Secure PIN
-
Received my new Optum HSA debit card. Called to activate it. Told the security code is in the signature block. (It is well below the signature block, not in the signature block.)
Was informed that the PIN is the last four digits of my card number. No options given to change it.
-
@jinpa said in Secure PIN:
Received my new Optum HSA debit card. Called to activate it. Told the security code is in the signature block. (It is well below the signature block, not in the signature block.)
Was informed that the PIN is the last four digits of my card number. No options given to change it.

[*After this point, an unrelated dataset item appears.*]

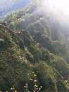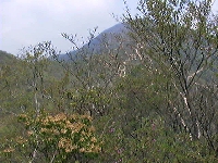 杉の天然林 13:43 位牌岳山頂から南進すれば袴腰岳から愛鷹山へ達する従走路である。 今日は、右手東の尾根を前岳に向かう。このルートは山頂を離れてまもなく、雑木をかき分けて進む歩きにくくなる。ルート上には、倒木が多く、そのたびごとに、踏み後を探すはめになる。前岳まで二度ルートを失い、上り返す失態を重ねた。下りはじめてまもなく、前岳より南に派生する尾根上に天然杉の林を望むことができる。この山域の天然杉は東面に散在している。植林内のそれと異なり、風格を感ずる。 |

So... what will it be? Class action lawsuit, or a government regulatory agency slam?
-
@Kamil-Podlesak It's more ironic than a serious problem. Having a PIN that's essentially public is not much better than not having a PIN at all. But not having a PIN for an HSA card is meh, at least in some cases. You can generally only use them in medically-related establishments (pharmacies, doctor's offices) anyway, so there's usually a trail if someone stole one and used it.
-
@jinpa said in Secure PIN:
@Kamil-Podlesak It's more ironic than a serious problem. Having a PIN that's essentially public is not much better than not having a PIN at all. But not having a PIN for an HSA card is meh, at least in some cases. You can generally only use them in medically-related establishments (pharmacies, doctor's offices) anyway, so there's usually a trail if someone stole one and used it.

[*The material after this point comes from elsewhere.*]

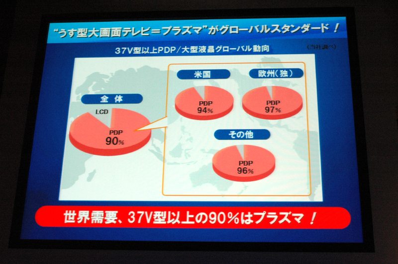 グローバルマーケットでは37V型以上の90%がプラズマテレビ

Are they only for paying, or also for some self-service machines (like ATMs quite often are today)? Because that could leak personal and medical data. Which, AFAIK is actually even bigger deal than leaking money.
-
@Kamil-Podlesak
They are only for paying.If for some reason the transaction doesn't work, it just displays a generic error message."You can use your HSA card at an ATM to reimburse yourself for eligible expenses paid out-of-pocket. (A transaction fee may apply. See your HSA Bank Fee and Interest Rate Schedule.)"
Now, I can't guarantee that this card can be used at an ATM, but I bet it can be. So your comment is correct.
-
@jinpa said in Secure PIN:
If for some reason the transaction doesn't work, it just displays a generic error message.
Ah, so not unlike the rest of the industry these days.
-
@jinpa said in Secure PIN:
Received my new Optum HSA debit card. Called to activate it. Told the security code is in the signature block. (It is well below the signature block, not in the signature block.)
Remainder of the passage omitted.